Otomobil de yaparsın; uçak da. Yeter ki, azmin olsun…
Bundan önceki iki yazımızda piyango ve şans oyunları üzerinde durmuş, bunların dinimizde "haram" kılınan kazanç yolları olduğunu yüce kitabımız Kur'an-ı Kerim ve Peygamberimizin hadisleri doğrultusunda ortaya koymaya çalışmıştık.
Basında "büyük ikramiye" ile cazip hale getirilen yılbaşı piyangosu biletlerini almak için uzun kuyruklar oluşturan insanların resmini görünce insan üzülmeden edemiyor. Kısa yoldan zengin olmak, çalışmadan para kazanmak vs. sebeplerin insanı yönelttiği bu tür şans oyunlarının, kişinin taşıdığı inanç duygusuyla doğrudan alâkası olduğu gerçeği; ilahiyatçıları, din görevlilerini ve bu hususta toplumu aydınlatma vazifesine sahip her bir kişiyi sorumlu ve yükümlü hale getirmektedir. Zira hâlâ, bir modern kumar türü olan piyango ve şans oyunlarının, devletin resmi yollarla gerçekleştirdiği resmî birer "şans oyunu" olduğuna; bu işi idare eden kurumun başında "milli" ibaresi olduğu için organize edilen bu tür oyunlarla para kazanmanın bir mahzuru bulunmadığına inanan ciddi bir kitle var karşımızda…
Bugünkü yazımızda, şansa dayalı oyunlarla değil; çalışarak-çaba sarf ederek, ter dökerek, emek vererek para kazanmanın; kalıcı servetin bu olduğu gerçeği üzerinde durmak istiyoruz. Bu yazı aynı zamanda yarın, yani 27 Aralık 2019 Cuma günü gerçekleştirilecek olan "Türkiye'nin Otomobili" tanıtımı öncesinde hadiseye ve gelişmelere nasıl bakmamız gerektiği konusunda olacaktır.
"İNSAN İÇİN ANCAK ÇALIŞMASININ KARŞILIĞI VARDIR!"

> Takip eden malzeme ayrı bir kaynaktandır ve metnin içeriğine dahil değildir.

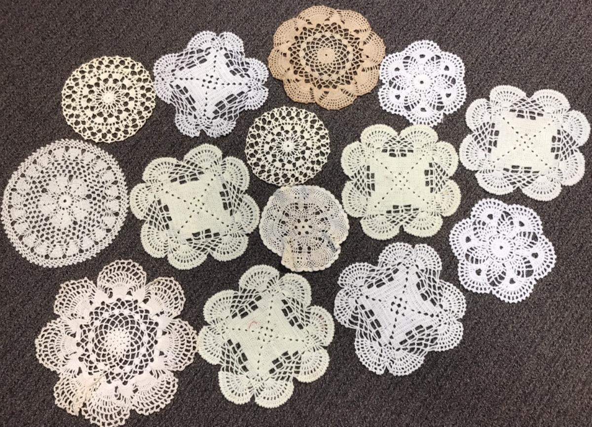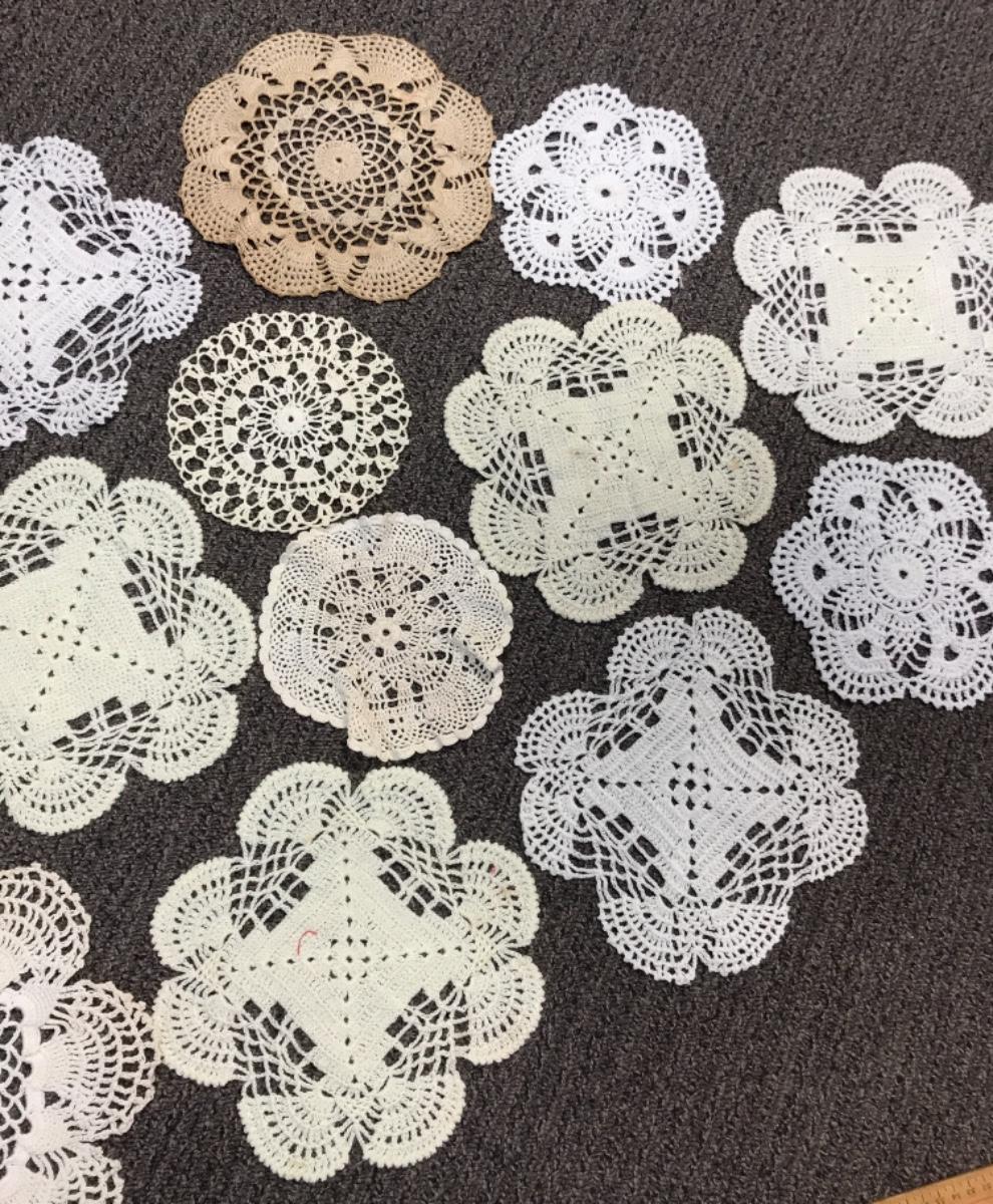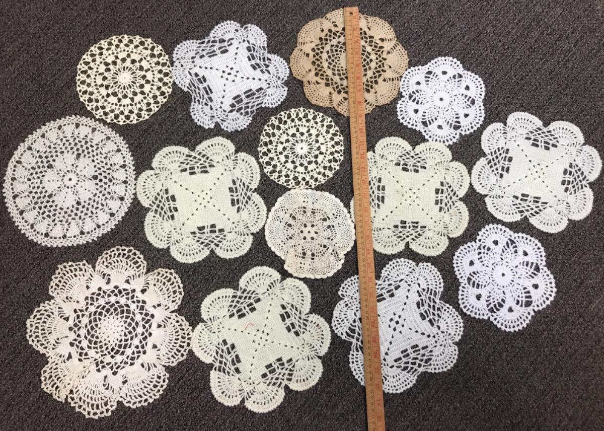 Vintage lace, 6” to 8” doilies hand-made, lot of 14

İlim ve hikmet hazinesi Kur'an-ı Kerim'den öğrendiğimiz bu veciz ifade, eskimeyen söyleniş biçimiyle "sa'y ü gayret" göstermenin mutlaka karşılığının olacağını ortaya koymaktadır. Ayet-i kerimede üzerinde söz söylenecek önemli bir nokta var: "İnsan için ancak çalışmasının karşılığı vardır." buyruğunda Allah Teâlâ kulları arasında hiçbir ayrım yapmadan çalışan kim olursa olsun mutlaka karşılığını göreceğini ferman buyurmaktadır. Bu ferman, insanın dini, ırkı, dili, kültürü vs. tüm farklılığının, onun çalışan, gayret gösteren biri olması durumunda hiçbir öneminin olmadığını ifade etmektedir. Zira ilahi adalet, çalışana karşılığını vermeyi bir hak olarak belirlemiştir. İşte bu sebeple tarih sahnesinde büyük medeniyetler kuranlar hep çalışan ve çalışmaya önem veren insan toplulukları olmuş, gündelik hayat ile yetinen, göçebe bir hayat tarzını benimseyenlerde ise böylesi bir medeniyet kurma düşüncesi oluşmamıştır.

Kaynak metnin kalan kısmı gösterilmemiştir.